::: SOURCE DATA :::

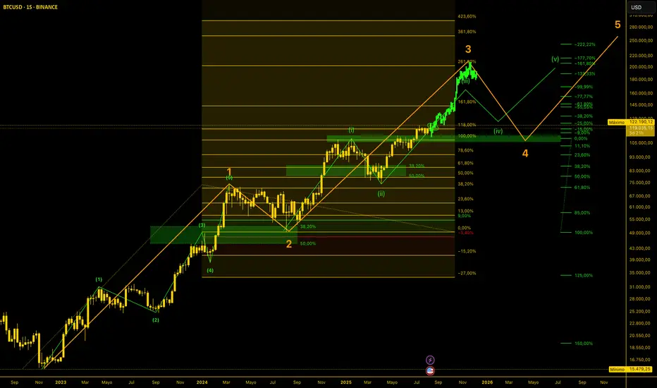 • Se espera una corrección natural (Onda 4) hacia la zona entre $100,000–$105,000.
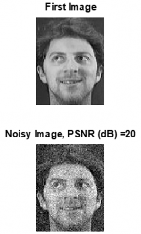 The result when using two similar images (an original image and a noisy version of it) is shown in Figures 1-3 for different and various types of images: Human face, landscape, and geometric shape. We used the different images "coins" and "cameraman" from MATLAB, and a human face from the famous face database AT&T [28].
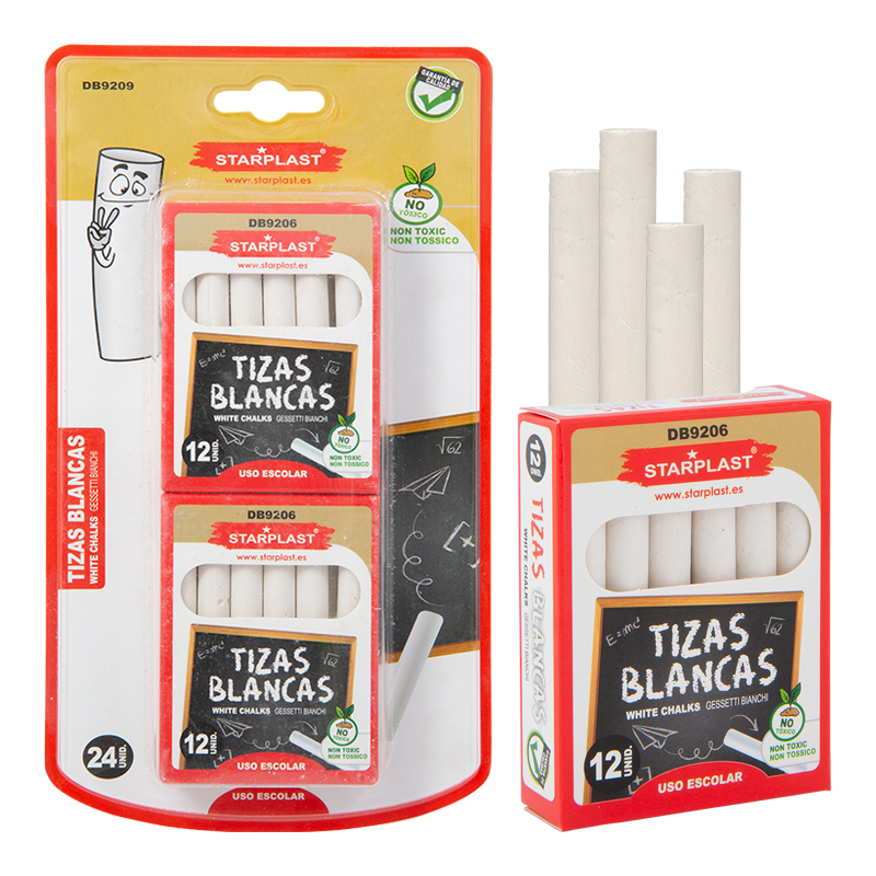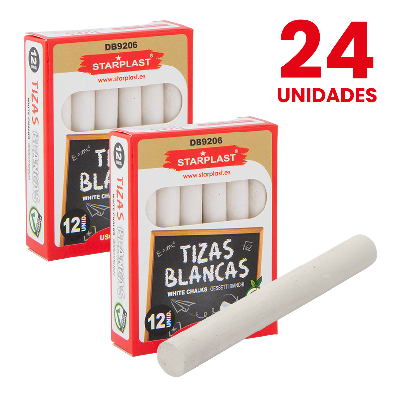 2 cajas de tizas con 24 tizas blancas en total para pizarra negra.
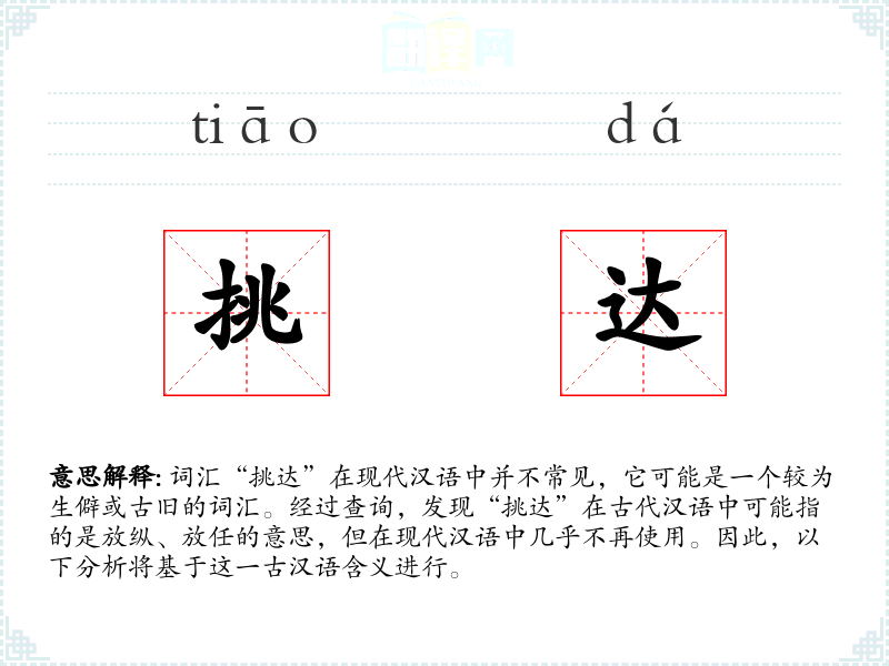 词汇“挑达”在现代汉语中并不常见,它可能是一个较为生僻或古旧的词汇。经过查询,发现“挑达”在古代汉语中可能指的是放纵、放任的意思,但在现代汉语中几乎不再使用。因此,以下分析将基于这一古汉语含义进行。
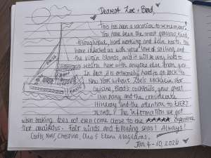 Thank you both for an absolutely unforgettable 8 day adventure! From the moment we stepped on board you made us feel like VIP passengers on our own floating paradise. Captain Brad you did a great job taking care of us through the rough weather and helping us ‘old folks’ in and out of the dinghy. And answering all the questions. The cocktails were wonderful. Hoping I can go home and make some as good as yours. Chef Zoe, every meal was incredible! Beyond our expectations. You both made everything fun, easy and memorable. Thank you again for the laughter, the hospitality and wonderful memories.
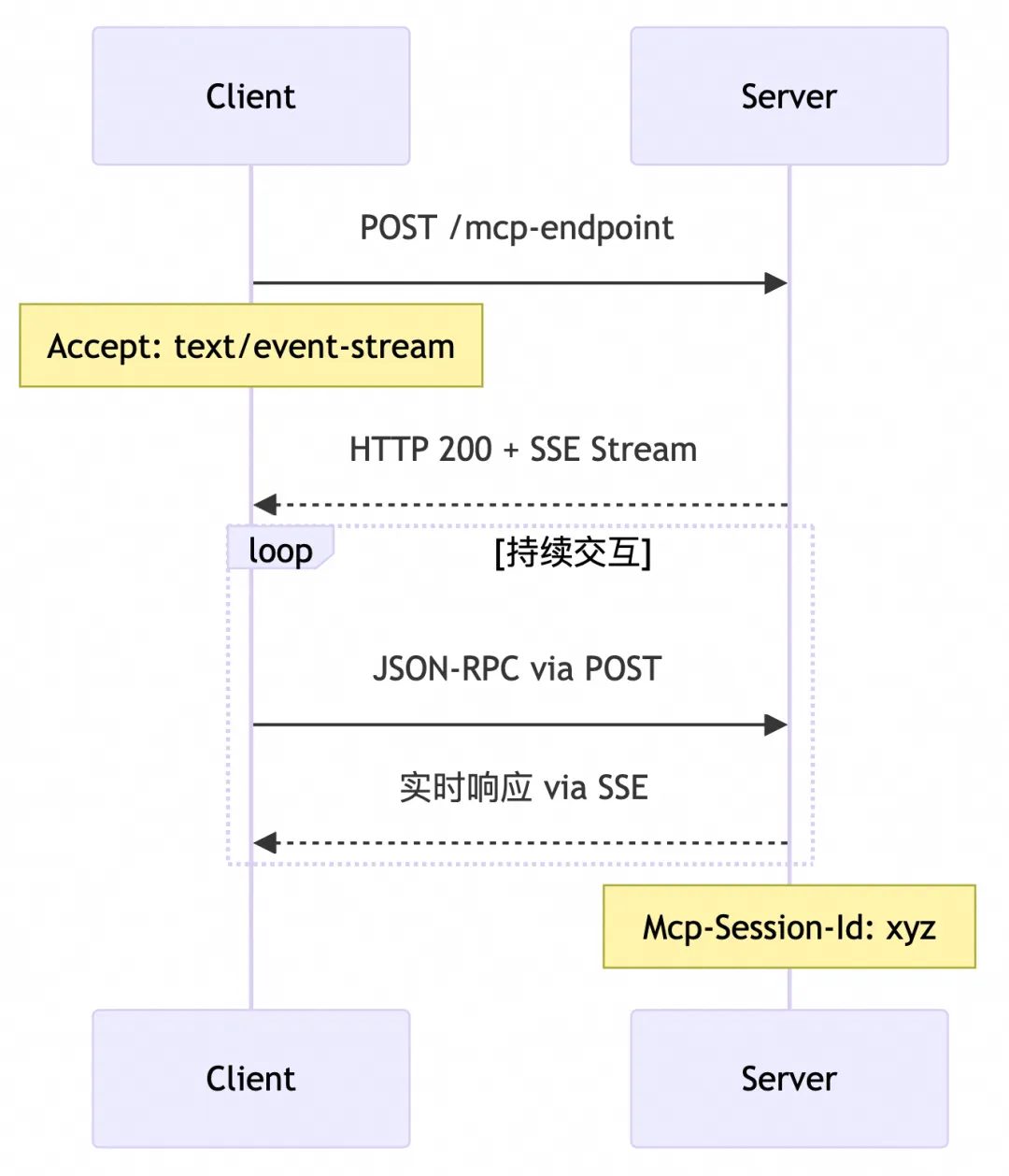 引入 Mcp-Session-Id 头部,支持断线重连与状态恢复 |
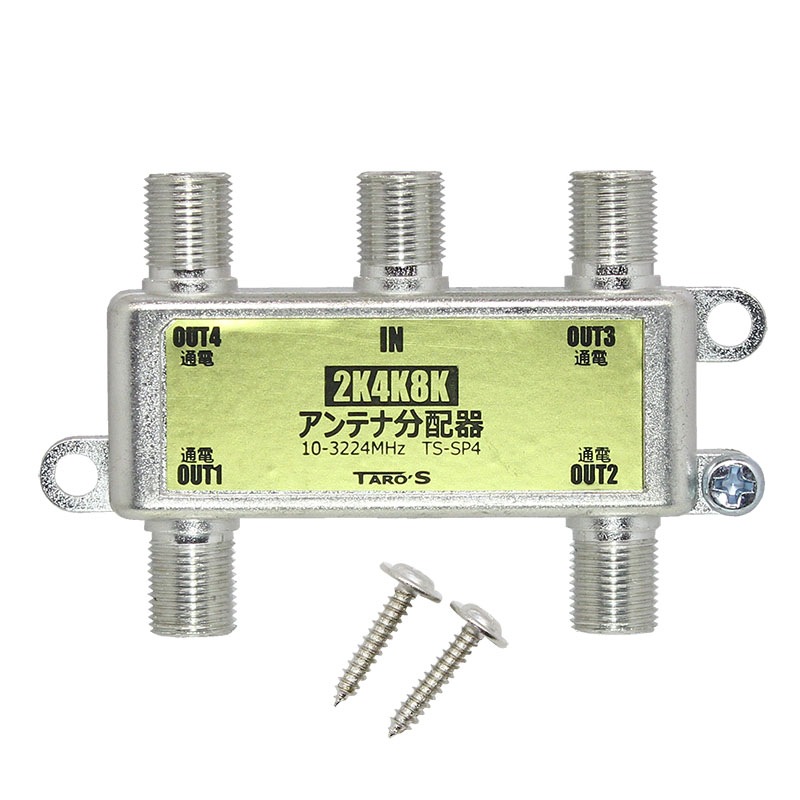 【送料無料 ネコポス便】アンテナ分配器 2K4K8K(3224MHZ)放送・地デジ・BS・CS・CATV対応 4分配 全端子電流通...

:::

Give back word for word the lines from the one containing "The result when" through the final line of the data above. Pictures are to be left out.

 The result when using two similar images (an original image and a noisy version of it) is shown in Figures 1-3 for different and various types of images: Human face, landscape, and geometric shape. We used the different images "coins" and "cameraman" from MATLAB, and a human face from the famous face database AT&T [28].
 2 cajas de tizas con 24 tizas blancas en total para pizarra negra.
 词汇“挑达”在现代汉语中并不常见,它可能是一个较为生僻或古旧的词汇。经过查询,发现“挑达”在古代汉语中可能指的是放纵、放任的意思,但在现代汉语中几乎不再使用。因此,以下分析将基于这一古汉语含义进行。
 Thank you both for an absolutely unforgettable 8 day adventure! From the moment we stepped on board you made us feel like VIP passengers on our own floating paradise. Captain Brad you did a great job taking care of us through the rough weather and helping us ‘old folks’ in and out of the dinghy. And answering all the questions. The cocktails were wonderful. Hoping I can go home and make some as good as yours. Chef Zoe, every meal was incredible! Beyond our expectations. You both made everything fun, easy and memorable. Thank you again for the laughter, the hospitality and wonderful memories.
 引入 Mcp-Session-Id 头部,支持断线重连与状态恢复 |
 【送料無料 ネコポス便】アンテナ分配器 2K4K8K(3224MHZ)放送・地デジ・BS・CS・CATV対応 4分配 全端子電流通...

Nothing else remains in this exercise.